Re: [GSoC PATCH v9 2/5] repo: add the field references.format

Eric Sunshine <sunshine@xxxxxxxxxxxxxx> · Wed, 13 Aug 2025 17:46:15 -0400

On Wed, Aug 13, 2025 at 5:18 PM Lucas Seiki Oshiro
<lucasseikioshiro@xxxxxxxxx> wrote:
> > What's the reason for this?
>
> Basically, filter out duplicated keys. This is also helpful for not
> repeating the same "key not found" multiple times, as suggested by
> Eric [1].

The suggestion you cite has relevance only as long as deduplication is
the chosen implementation scheme, however, Phillip is arguing that the
deduplication and key reordering logic should be dropped, hence, the
cited reference isn't relevant in light of Phillip's suggestion.

> > If I query three keys from a script then it is much easier to parse
> > the output if I know the keys are going to appear in the same order
> > that they were on the command line.
>
> This assumption would be a little bit broken as one can ask an invalid
> key. In this case, this command will print the error to stderr, and
> proceed to the next value.

Yes and no.
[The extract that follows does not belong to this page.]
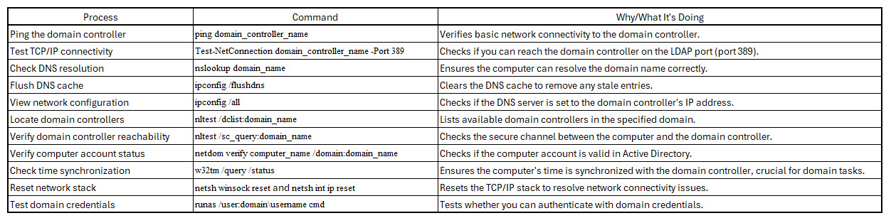 Test-NetConnection domain_controller_name -Port 389: Checks TCP/IP connectivity on the LDAP port.

While it's true that a caller might ask for an invalid
key, the primary (and useful) purpose of this command is to facilitate
scripting. Once the script author has "debugged" the call to `git
repo`, then the output will be predictable. Hence, although you make a
fair point, it's not a strong argument against Phillip's
recommendation to drop the deduplication and key re-ordering logic.

> > If the command re-orders them my script now has to check the value of
> > each key which results in a bunch of unnecessary string comparisons
> > because it cannot determine the key from the position in the output.
>
> In cases where the client don't want to compare strings, it is still
> possible to ask one key at time, just like other Git commands (e.g.
> git var, git config). Since this command won't return too many values,
> it would be ok even if the user requests all the possible keys.
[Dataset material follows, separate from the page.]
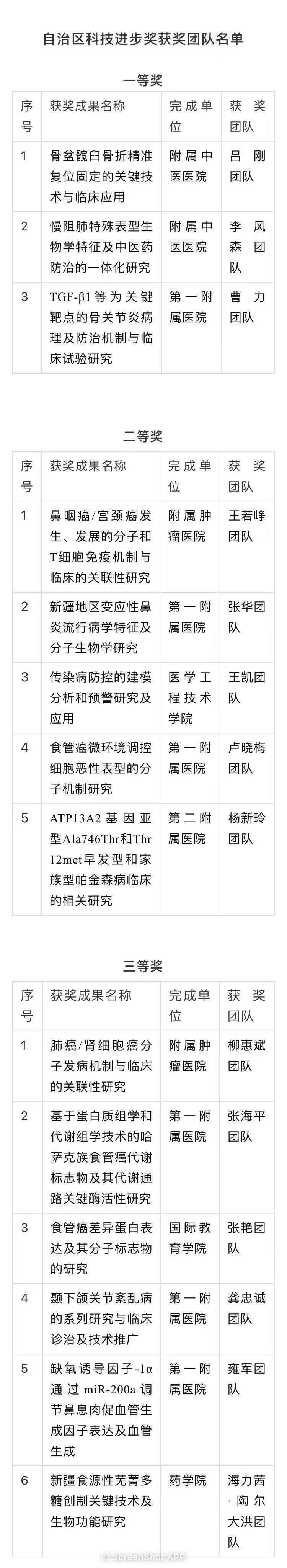 近日,自治区人民政府公布了“2020年度自治区科学技术奖获奖科技成果和突出贡献奖”获奖人员名单。beat365中文在线官网14个团队荣获2020年度自治区科学技术奖。其中,自治区科技进步奖一等奖3项、二等奖5项、三等奖6项,继续蝉联自治区高校第一,并连续6年获得两项以上自治区科技进步奖一等奖,为我区科学技术进步、学科发展与人才培养以及新疆卫生健康的事业发展做出了贡献。

Generally speaking, process creation is slow. Process creation on
Microsoft Windows is especially slow, excruciatingly so. Authors of
tooling around Git often pay close attention to such matters because
they don't want the functionality provided by their tooling to be
slow, so we ought to be weary of a counterargument (such as the one
above) which suggests simply running the command multiple times, once
for each item.

> > While we were producing json output there was a need to de-duplicate
> > the keys when that output format was selected. However, we no-longer
> > produce json and in any case de-duplication could have been achieved
> > without sorting the input keys by using a hash table, or, as there is
> > a small fixed number of keys, an array that records the keys we've
> > already seen.
>
> I still think that it would over-engineer this command.

I don't think that Phillip was suggesting dropping only the reordering
while keeping the deduplication; he was merely giving an example of an
alternative implementation which would accomplish the deduplication
goal, so he wasn't asking to over-engineer. Instead, (according to my
reading), he is suggesting dropping both deduplication and reordering.

> If I follow
> this path of returning the values in the same order they were in the
> command line, I think it would be better to just allow duplicated keys
> and multiple "key not found" errors for the same unknown key instead
> of increasing the complexity of this command.
>
> What do you think?

I think that's exactly what Phillip was suggesting: present output in
order requested, no deduplication

I had suggested the same back in [*], but I also said that I could
formulate arguments in favor of either behavior, so I didn't have a
strong opinion. However, Phillip has presented a good reason to prefer
"output in order requested, no deduplication", and I do find his
argument compelling.

[*]: https://lore.kernel.org/git/CAPig+cTuiUy=+2Jf1Lrp1gaM03_zPf8EFMVSKmShqU05t-3aWQ@xxxxxxxxxxxxxx/